Rompendo as amarras...

    A necessidade e a possibilidade de romper com as amarras que vem determinando a formação profissional surgem para nós, partindo do desenvolvimento de um pensamento crítico-reflexivo que venha a articular todas as competências e saberes necessários para a docência. Para tanto, é importante que se considere o saber profissional como “um constructo social produzido pela racionalidade concreta dos atores, por suas deliberações, racionalizações e motivações que constituem a fonte de seus julgamentos, escolhas e decisões” (TARDIF, 2002, p. 223).

    Os saberes profissionais para a docência estão articulados em uma complexidade que só serão possíveis de serem compreendidos e incorporados pelos docentes no momento que levarem isso em consideração, pois as bases do saber ensinar vão muito além da aquisição de um sistema cognitivo, mas como salienta Tardif (2002), tratam-se de saberes temporais, heterogêneos, personalizados, situados e pragmáticos, que exprimem uma capacidade argumentativa, discursiva e comunicativa por parte do professor. Sendo assim, o repertório de conhecimentos dos professores é constituído pelo entrelaçamento de saberes culturais, experienciais, curriculares, disciplinares e de formação profissional.

    Em relação aos saberes docente consideramos importante falar qual a abrangência de cada um deles e a necessidade de articulação para não cairmos num reducionismo, pois nenhum deles é completo sem a interação com os outros. Sendo assim, os saberes culturais são os que estão ligados diretamente ao contexto em que o professor vive, herdado de sua trajetória de vida e uma cultura particular que partilha com os alunos; os saberes experienciais, são originados no exercício da profissão, na ação cotidiana; os saberes curriculares dizem respeito aos programas e manuais escolares que os professores devem seguir; os saberes disciplinares tratam dos conteúdos, das matérias ensinadas na escola e; os saberes de formação profissional que tem como base os saberes transmitidos pelas instituições formais de ensino, no caso formação inicial e continuada (TARDIF, 2002).
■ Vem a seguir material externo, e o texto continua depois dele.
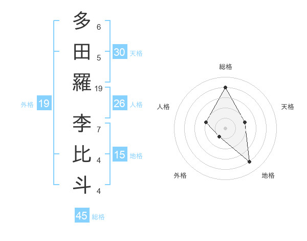 多田羅 李比斗さんを姓名の画数から五運を鑑定

    A partir dessas considerações, e como nos propõe o autor, acreditamos no desenvolvimento de uma epistemologia da prática profissional, cuja finalidade é revelar esses saberes, compreender como são integrados nas tarefas profissionais e como os profissionais incorporam, produzem, utilizam e transformam o seu conjunto de saberes em seu espaço de trabalho cotidiano. Com a articulação de todos os saberes que fazem parte do repertório dos professores seria possível a valorização dos professores como produtores de saberes em suas práticas diárias e também, a diminuição das distâncias entre os professores do ensino básico e do ensino superior, bem como a idéia de pesquisadores/professores universitários como os teóricos e professores como práticos e responsáveis por fazer as coisas acontecerem, superando essa visão completamente distanciada da realidade que coloca a universidade na posição de fornecer os “remédios” para um “doente” que nunca se quer foi visitado.

    Como ponto chave para essa articulação, como já enfatizamos anteriormente, é necessário o desenvolvimento de um pensamento crítico e reflexivo, tanto por parte dos docentes, quanto dos discentes, problematizando, questionando e argumentando sobre seus fazeres. No entanto, esse é um processo que implica muito mais que um “pensar sobre”, mas trata-se de um re-pensar constante e intencional que deve perpassar todos os momentos da trajetória profissional e que “implica a imersão consciente do homem no mundo de sua experiência, um mundo carregado de conotações, valores, intercâmbios simbólicos, correspondências afetivas, interesses sociais e cenários políticos” (ZEICHNER, 1993 apud PÉREZ GÓMEZ, 2001, p. 194).

    Por isso, e de acordo com Smyth (1989 apud GARCIA, 1999, p. 46) um processo reflexivo deve se dar em quatro fases, descrever o que faço, qual é a minha prática atual, informar sobre o que significa o que faço, que teorias estão expressas na minha prática, confrontar como cheguei até aqui, o que mantém/limita as teorias e, reconstruir de forma a poder fazer as coisas diferentes. Nesse sentido, a atuação dos professores está fundamentada na problematização do fazer pedagógico, na investigação sobre ele e nas possibilidades de transformá-lo, o que levaria os professores a saírem da menoridade1 em busca do esclarecimento, constituindo-se como sujeitos autônomos, desenvolvendo um conhecimento emancipatório.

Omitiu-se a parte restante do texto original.